Module 6: Objectives 12-13/Recommend 2 wks. per module/Asynchronous Discussion & Clinical Practice (3 Hours); Recorded Lecture (30 Minutes)/1.5 hrs.

Total:  9 hrs

Continuing Education Credit Information:

HealthTech Management Services D/B/A HealthTech is a Provider approved by the California Board of Registered Nursing. Provider Number CEP8769 for 9.0 contact hours. Participant must complete all course work – no partial credit will be given. A certificate of completion will be provided by HealthTech within 30 days of successful completion of the course.

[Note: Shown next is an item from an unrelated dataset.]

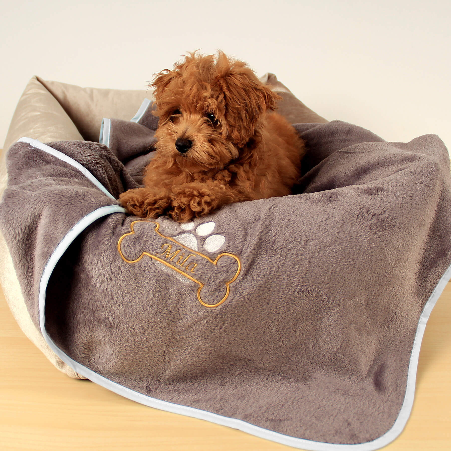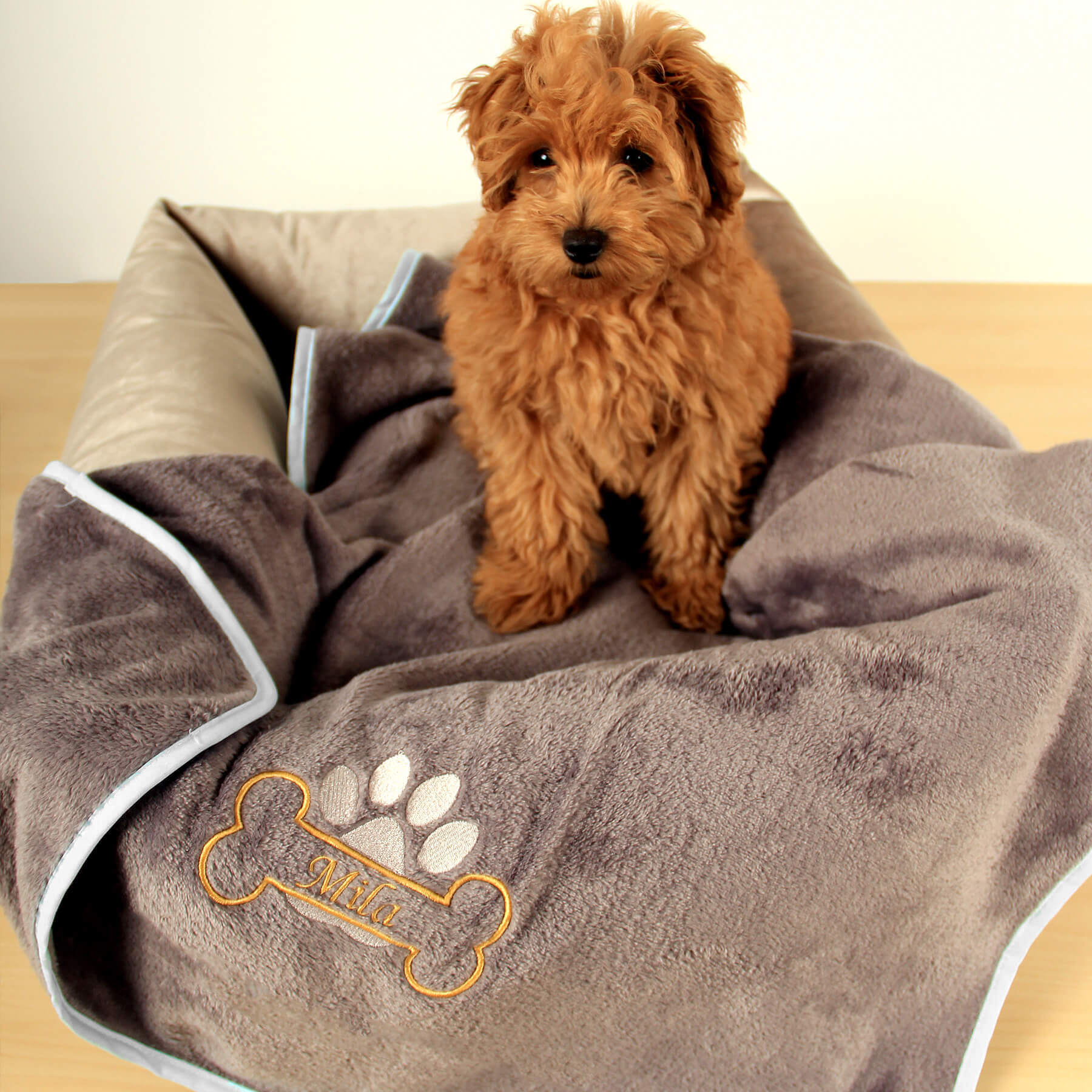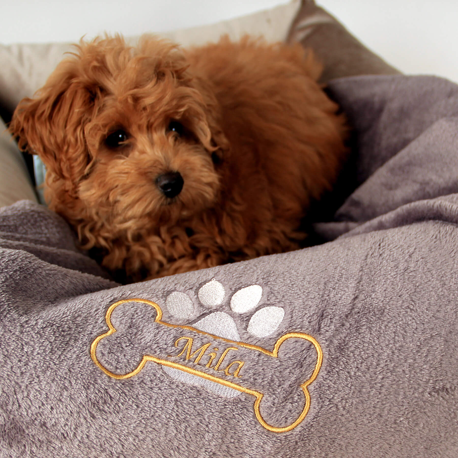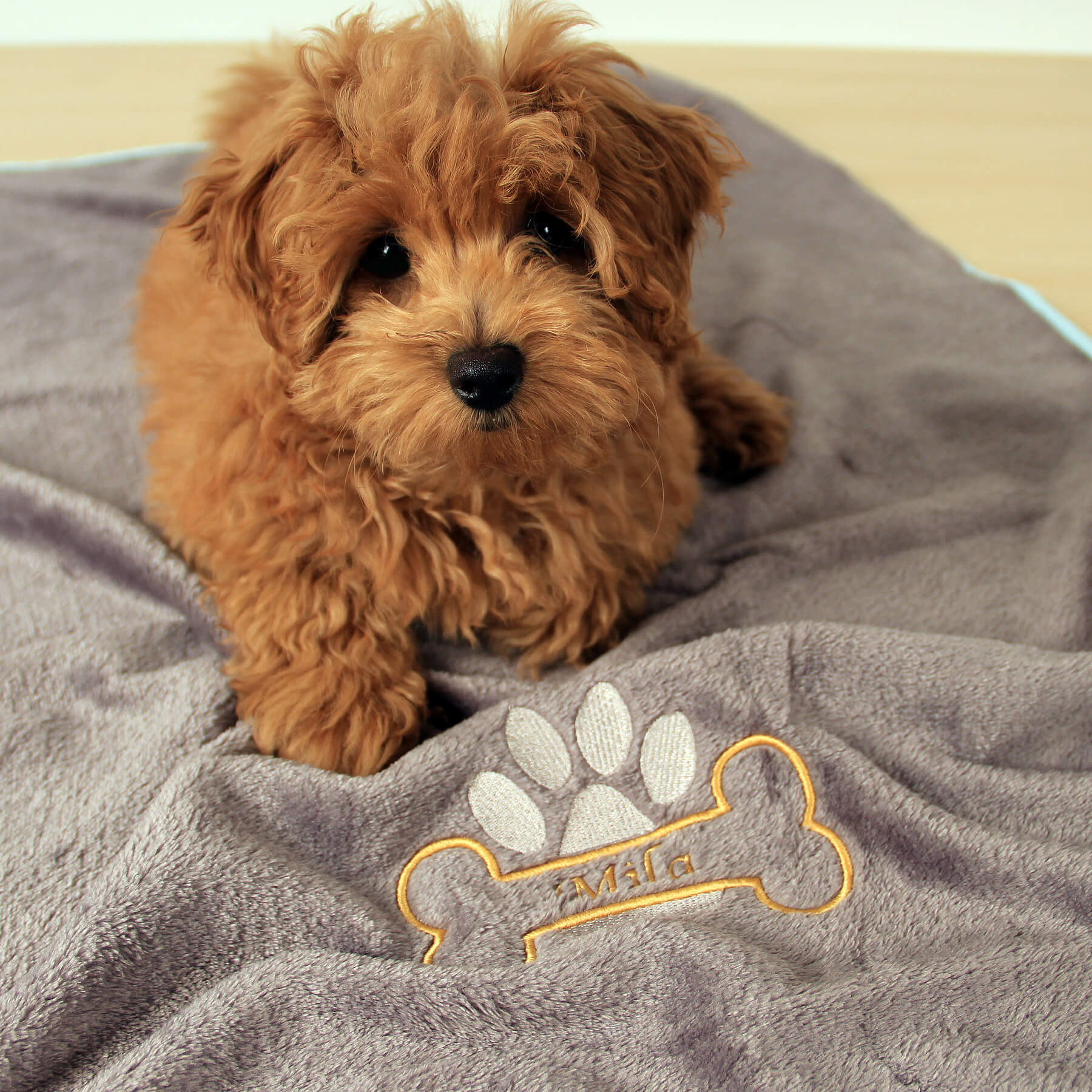 Każdy koc Amico jest wyjątkowy, tak jak jego właściciel. Wyhaftujemy imię Twojego psa w szlachetnym kolorze złotym, obok którego pojawi się złota kostka i srebrna łapka – delikatny błysk, który podkreśla indywidualność Twojego pupila. To detal, który przyciąga wzrok i czyni koc pamiątką o osobistym znaczeniu – pełną ciepła i klasy.

Refund / Cancellation Policy:

Cancellations received in writing prior to the start of the course will be refunded, less $50.00 administrative expense. Registration fees may be transferred to another individual prior to the start of the educational offering.  Individuals who enroll in an online educational course and who open any module content will not be eligible for refunds.


Carolyn St. Charles, MBA, BSN, RN

HealthTech, Chief Clinical Officer

Carolyn St. Charles has more than 30 years’ experience in healthcare, including more than 15 years in senior leadership positions.  St. Charles works collaboratively with senior leaders, providers and clinical staff to develop and implement sustainable strategies for improving both financial and clinical outcomes.  She provides education and consulting for Swing Bed programs thru-out the United States.

St. Charles earned an Associate Degree in Nursing from Pima Community College in Tucson, Arizona, a Bachelor of Science in Nursing from Northern Arizona University and a Master of Business Administration from the University of Washington Foster School of Business. She is a member of the American Organization of Nurse Executives, Case Management Society of America and Phi Kappa Phi.


Cheri Benander, RN MSN, CHC, C-NHCE

HealthTech Clinical & Compliance Consultant

Cheri has over 30 years’ experience in various healthcare roles to include clinical, management, administration, compliance, consulting, and education. Her leadership experience has extended to multiple healthcare settings to include acute care, home health, hospice, assisted living and long-term care. As a consultant, Ms. Benander has worked collaboratively with leaders and clinical staff to improve productivity, time management, and leadership skills, formulate survey responses, and implement various programs including compliance.

She received her undergraduate nursing education from Fort Scott Community College and her bachelor’s and master’s degrees in nursing from the University of Phoenix. She is a Certified Healthcare Compliance (CHC) professional through the Health Care Compliance Association (HCCA) and received a graduate certification in Nursing and Healthcare Education from the University of Phoenix. Benander is a registered nurse and a member of the American Nurses Association (ANA) , the American Organization of Nursing Leadership (AONL), and the Health Care Compliance Association (HCCA).